Dakar - Der Deal wirkt wie die Rettung für chronisch unterfinanzierte Gesundheitssysteme in Afrika. Entsprechend zufrieden blickte Kenias Außenminister Musalia Mudavadi in die Kamera, als er Ende vergangenen Jahres zusammen mit US-Außenminister Marco Rubio das Gesundheitsabkommen unterzeichnete. Bis zu 1,6 Milliarden US-Dollar unter anderem für den Kampf gegen Malaria, Tuberkulose und HIV versprechen die USA, nachdem sie ihre Hilfskürzungen 2025 fast komplett eingestellt hatten. Inzwischen haben mehr als 30 Länder ein solches „Rahmenabkommen zur Gesundheitszusammenarbeit“ mit den USA geschlossen, zwei Drittel davon liegen in Afrika.
Dabei sind die Gesundheitsdeals nichts anders als die Übertragung der „America First“-Devise auf die globale Gesundheitspolitik. Das Geld ist an weitreichende Bedingungen geknüpft. Zudem ist den neuen Abkommen die Zerschlagung der US-Entwicklungshilfeagentur USAID durch die Regierung von Donald Trump vorausgegangen, der weltweit größten Organisation für humanitäre Hilfe und Entwicklungszusammenarbeit. Gepaart mit zeitgleichen Kürzungen bei deutschen, französischen und britischen Hilfsgeldern ist eine riesige Finanzierungslücke im Gesundheitssektor Afrikas entstanden, mit massiven Auswirkungen.
„Regierungen in der Falle“
„Die afrikanischen Regierungen stehen unter Druck“, sagt der Koordinator der kenianischen Organisation People's Health Movement, Dan Owalla. „Es gibt keine anderen Gelder als diese.

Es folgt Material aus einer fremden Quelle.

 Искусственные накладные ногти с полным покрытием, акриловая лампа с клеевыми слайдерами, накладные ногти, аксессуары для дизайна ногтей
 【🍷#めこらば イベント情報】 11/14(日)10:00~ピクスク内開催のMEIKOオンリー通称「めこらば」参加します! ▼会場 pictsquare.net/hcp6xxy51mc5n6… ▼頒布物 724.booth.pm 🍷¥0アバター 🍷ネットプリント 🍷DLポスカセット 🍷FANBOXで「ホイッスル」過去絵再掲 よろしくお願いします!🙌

Man kann sagen, dass sich die Regierungen in der Falle befinden.“ Owalla hat zusammen mit Vertreterinnen und Vertretern von über 50 weiteren Organisationen der afrikanischen Zivilgesellschaft einen offenen Brief an Afrikas Staatschefs geschrieben und ist in Kenia vor Gericht gegen den Deal gezogen.

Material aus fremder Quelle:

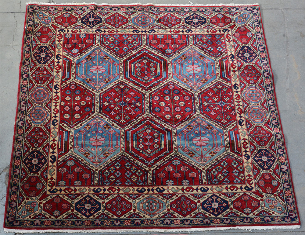 [Tappeti] Tappeto Sparta, Anatolia, secolo XX. Disegno a giardino in ogive ottagonali neit otni dell'azzurro, rosa e rosso (difetti)
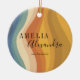 Boho Retro Script Abstrakt Wavy Lines Yellow Blue Keramik Ornament
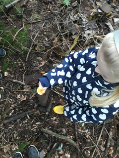 Det meste af weekenden har regnen silet ned, kun med korte ophold hvor solen har varmet så dejligt. Her til aften var ungerne blevet lidt rastløse og trængte til at få frisk luft, og de var helt med, da jeg forslog en hurtig tur i skoven hvor vi kunne tage på vores helt egen lille mikro eventyr på jagt efter krible krable dyr i skovbunden og på jagt efter tegn på den årstid vi lige er begyndt på. Det regnede meget af tiden mens vi var i skoven men kun få dråber trængte igennem de store trækroner der endnu ikke er begyndt at tabe bladene. Det er utrolig dejligt at komme ud i den stille skov, og opleve hvordan pigerne drages af hvad der er under næste blad, bag ved det næste træ. Og selv om vejret måske ikke er helt oplagt til en tur i det fri, kan det nemt være årsag til at oplevelsen bliver helt anderledes på den gode måde og ofte oplevet noget nyt.
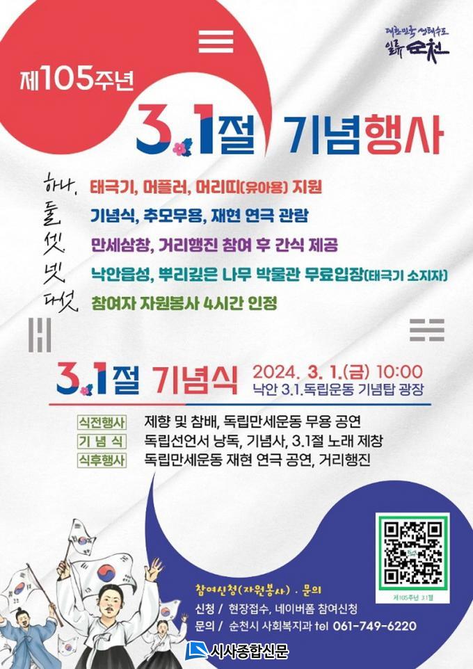 ¼øÃµ½Ã °ü°èÀÚ´Â ¡°¿Ã ÇØ´Â ÇØ¹æ°ú ±¹¹ÎÁÖ±ÇÀ» °¡Á®¿Â »ïÀϿ 105ÁÖ³â µÇ´Â ÇØ¡±¶ó¸ç ¡°Á¶±¹ÀÇ ±¤º¹À» À§ÇØ Çå½ÅÇϽе¶¸³À¯°øÀÚ¿Í À¯°¡Á· ±×¸®°í ½Ã¹Î ¸ðµÎ°¡ ±×³¯ÀÇ ÇÔ¼ºÀ» ÀçÇöÇÏ´Â ±â³äÇà»ç¸¦ ÁغñÇßÀ¸´Ï ¸¹Àº ½Ã¹ÎµéÀÌ Âü¼®ÇÏ±æ ¹Ù¶õ´Ù¡±°í ¸»Çß´Ù.

Denn während die finanzielle Unterstützung aus Washington maximal fünf Jahre laufen soll, verpflichten sich die Empfängerländer dazu, ihre Gesundheitsdaten bis zu 25 Jahre lang mit den USA zu teilen. Dazu kommen länderspezifische Bedingungen. So berichtete die „New York Times“, dass die USA Gelder für Sambia an den Zugang zu Rohstoffen knüpfen wollten.
HIV-Hilfe gegen kritische Mineralien
In einem geleakten Entwurf für ein Memorandum, vorbereitet von Mitarbeitern des Afrika-Referats von Außenminister Rubio, schlägt dieses als Verhandlungstaktik vor, lebensrettende Hilfe für HIV-Infizierte in Sambia zurückzuhalten, um die Regierung dazu zu zwingen, den USA mehr Zugang zu kritischen Mineralien zu gewähren. Ein Abkommen, gegen das Sambia sich bislang wehrt. Auch in Nigeria sind die Gelder an Bedingungen geknüpft und sollen hauptsächlich an christlich geprägte Gesundheitseinrichtungen fließen, obwohl etwa die Hälfte des Landes muslimisch ist.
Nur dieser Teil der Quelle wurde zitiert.